Jump to the late 1990s and early 2000s … cut and paste the exact same story at Motorola, then do a global replace with “GE” and “DMAIC”. Jack Welch was to GE what Steve Jobs is to Apple, and without either leader the company identity is completely different. Nevertheless, the weight of DMAIC on GE has them stuck in the mud walk of innovation, too — Jack Welch or not. Drive the time machine ahead to 2009 and do the same cut and paste, but this time insert “Toyota” and “Lean” into the story. Lean’s gone Fat at Toyota and their arteries are ready for a CABG.

In love with their own success and thirst for their own bathwater, Toyota over-applied Lean concepts, creating a bureaucratic environment that squeezed innovation to death (only the Chevy Citation was uglier than the current Toyota Camry), and cultured apathy in their design teams and production lines. Toyota might be salvageable, however, because their leadership still exudes humility and accountability. It’s going to be interesting to watch.

Do you believe for one second that Google’s search engine was the product of a DMAIC session? Or Apple uses Six Sigma or Lean Gone Fat in their product development? You could argue that a dose of better process would have prevented the worm in Apple’s recent 4G antenna problems, but the 4G, iPad, and iPod are the most innovative, best quality products to be produced in the US since the Apollo space program. It’s amazing to me that the 4G antenna problem is the only problem they’ve had in a string of pioneering, revolutionary products. Take away Apple and Google, and the only claim to major, society-wide impact and innovation we can claim in the U.S. since the late 1960s are hedge funds and credit debt derivatives.

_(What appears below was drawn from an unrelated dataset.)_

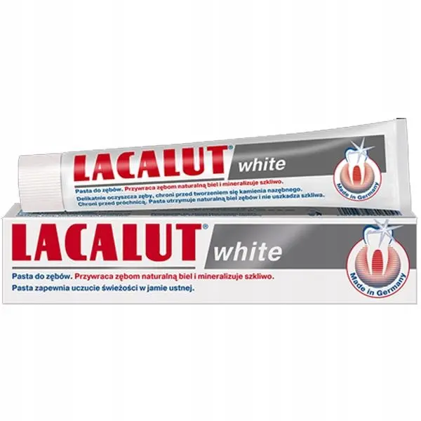 Zawiera fluorek sodu, który przeciwdziała próchnicy, wzmacnia powierzchnię zębów, sprzyja remineralizacji. LACALUT WHITE przeznaczona jest do codziennej pielęgnacji zębów.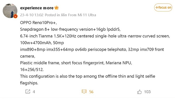 Lộ diện cấu hình chi tiết OPPO Reno 10 Pro+

The best processes are worthless in the hands of the wrong people. Does a good change-control process in the hands of a bonehead make a genius of that bone? No. Even worse, Processes Gone Wild — such as ITIL, Lean, Six Sigma, and DMAIC — are a disaster in the hands of great people. Good people trump everything. EVERYTHING. But the best people … the most innovative people … will not stick around if constantly force-fed ITIL, Lean, Six Sigma, or DMAIC. They’ll go to work for Apple and Google. The force-fed people and organizations left behind will end up as so much foie grais.

Sip from the cup of ITIL Kool-Aid, don’t gulp it.